A suspect has been arrested by police after a long chain of unsolved murders occurred in Long Island, New York, over a span of years.
The Associated Press reported that a suspect in the Gilgo Beach murders was taken into custody in Massapequa Park on Thursday night and that investigators also visited a home connected to the case on Friday morning. The name of the suspect was not immediately released, however the suspect was later identified as Rex Heuermann by law enforcement.
Newsweek reached out to Suffolk County Police Department by phone and by email for comment.
Heuermann, a 59-year-old who lived at the same address in Massapequa Park since 1988, has owned RH Architecture Design, an architectural firm in New York City, since 1994. The firm's "Meet the Team" page was removed Friday morning from its website.
Newsweek reached out to RH Architecture Design by phone and by email for comment.
The murders were particularly gruesome, with several of the bodies being linked to dismembered body parts that were previously discovered on Long Island since 2010. According to the AP on Friday, the crime scene extended as far as a park near the New York City limits to a Fire Island resort community and to eastern Long Island.
The case has long mystified police, and it captured the public's attention when Netflix released a film in 2020 called Lost Girls that was based on the murders.
The same year, police released previously undisclosed information about the case that was discovered with some of the remains a decade prior. A photograph was released of one of the crime scenes showing evidence that was allegedly handled by the unknown suspect. A black leather belt was pictured in the photograph with the initials HM or WH, depending on the angle, according to the AP at the time. However, officials did not release information regarding where the belt was found or which victim it was linked to, however the belt wasn't owned by any of the victims.

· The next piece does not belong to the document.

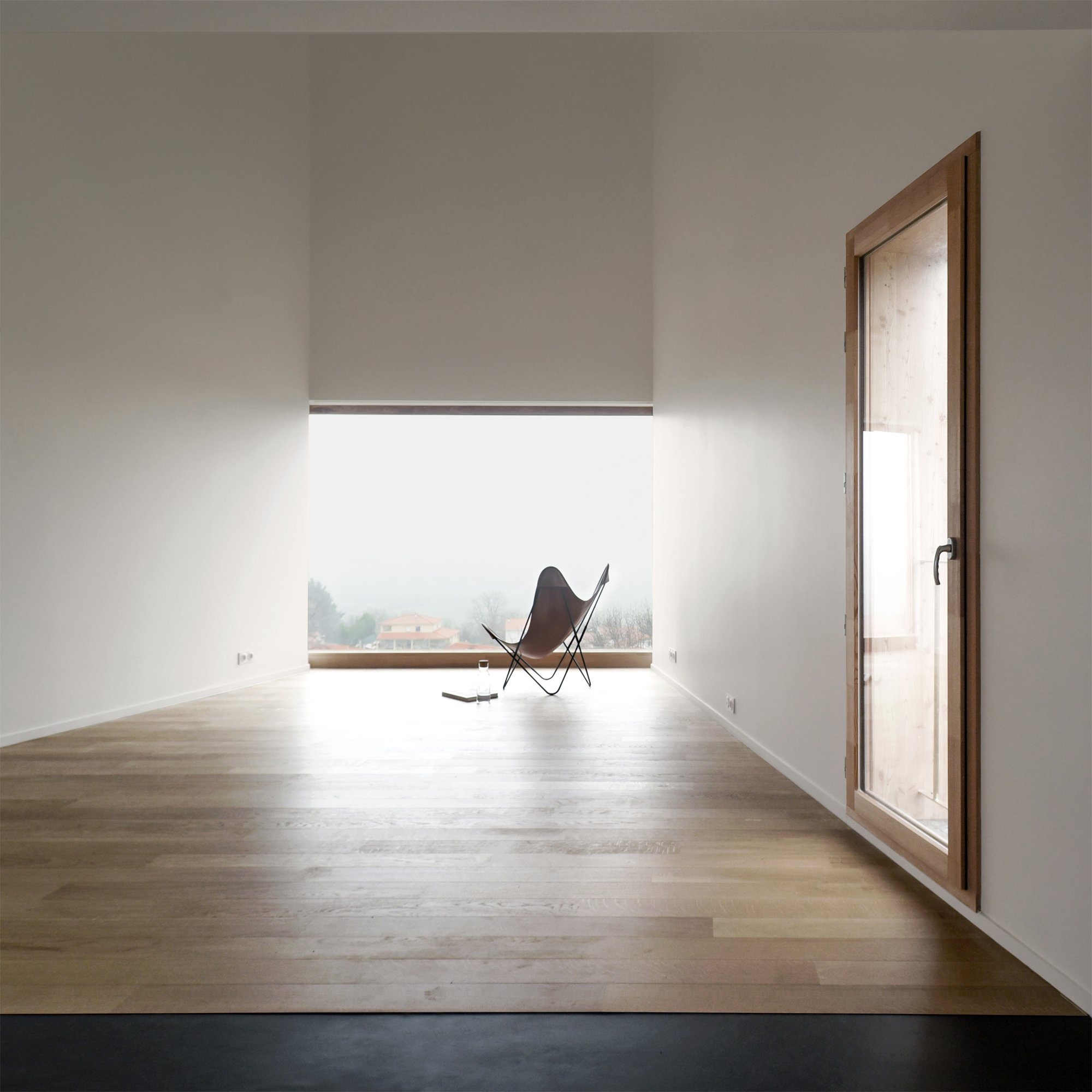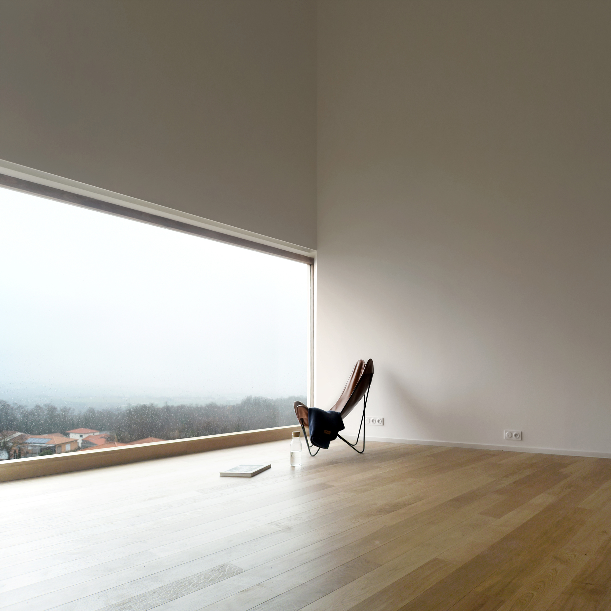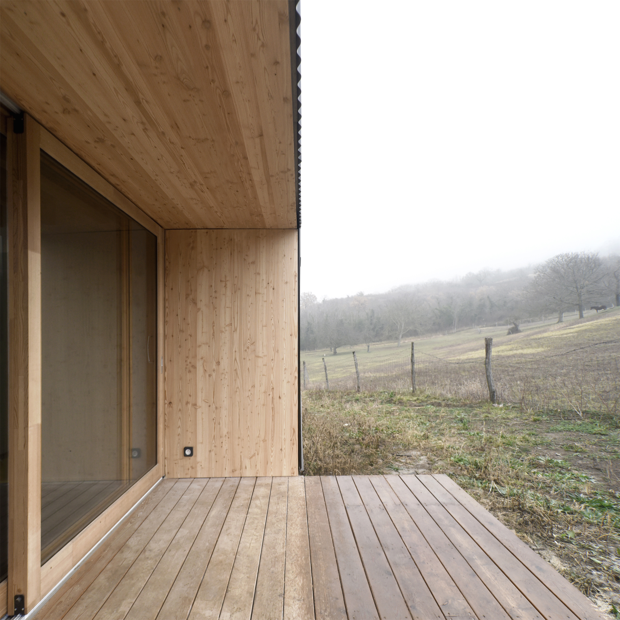 Détachée sciemment des constructions pavillonnaires en contrebas, la maison fait figure d’objet isolé et suscite une expérience immédiate dans le paysage.

The hunt for a possible serial killer started in 2010 when 11 sets of human remains were found along a property on Gilgo Beach in Suffolk County. Law enforcement first began searching along Ocean Parkway after Shannan Gilbert, a 24-year-old sex worker from New Jersey, vanished in 2010.
A report by data analytics company LexisNexis acquired by Newsweek showed that Heuermann held a hunting license, which was issued in Alaska on May 17, 2010, the same month that Gilbert went missing. The report also revealed that Heuermann has a daughter, Victoria, who is 26 years old.
The search first turned up the remains of Melissa Barthelemy, Megan Waterman, Amber Lynn Costello and Maureen Brainard-Barnes. All the women were in their mid-20s. Heuermann was arrested in connection with these murders as the victims are known as "The Gilgo Four."
Later in the police search, other remains were found, including those that belonged to Jessica Taylor and Valerie Mack, who were also in their 20s when they had gone missing years earlier. Other remains found included those of a female toddler, an Asian male, an unidentified woman who was believed to be the toddler's mother and another unidentified woman. Gilbert was found in late 2011, after the other 10 victims—whom police believed were murdered by a serial killer—were found.
Newsweek reached out to John Ray, an attorney representing the families of Gilbert and Taylor, by email for comment. Newsweek has also reached out to Netflix by email for comment.
Update 07/14/23, 12:40 p.m. ET: This article was updated to include information about "The Gilgo Four."
Update 07/14/23, 11:44 a.m. ET: This article was updated to include more information about LexisNexus.
Update 07/14/23, 11:15 a.m. ET: This article was updated to include information about Rex Heuermann.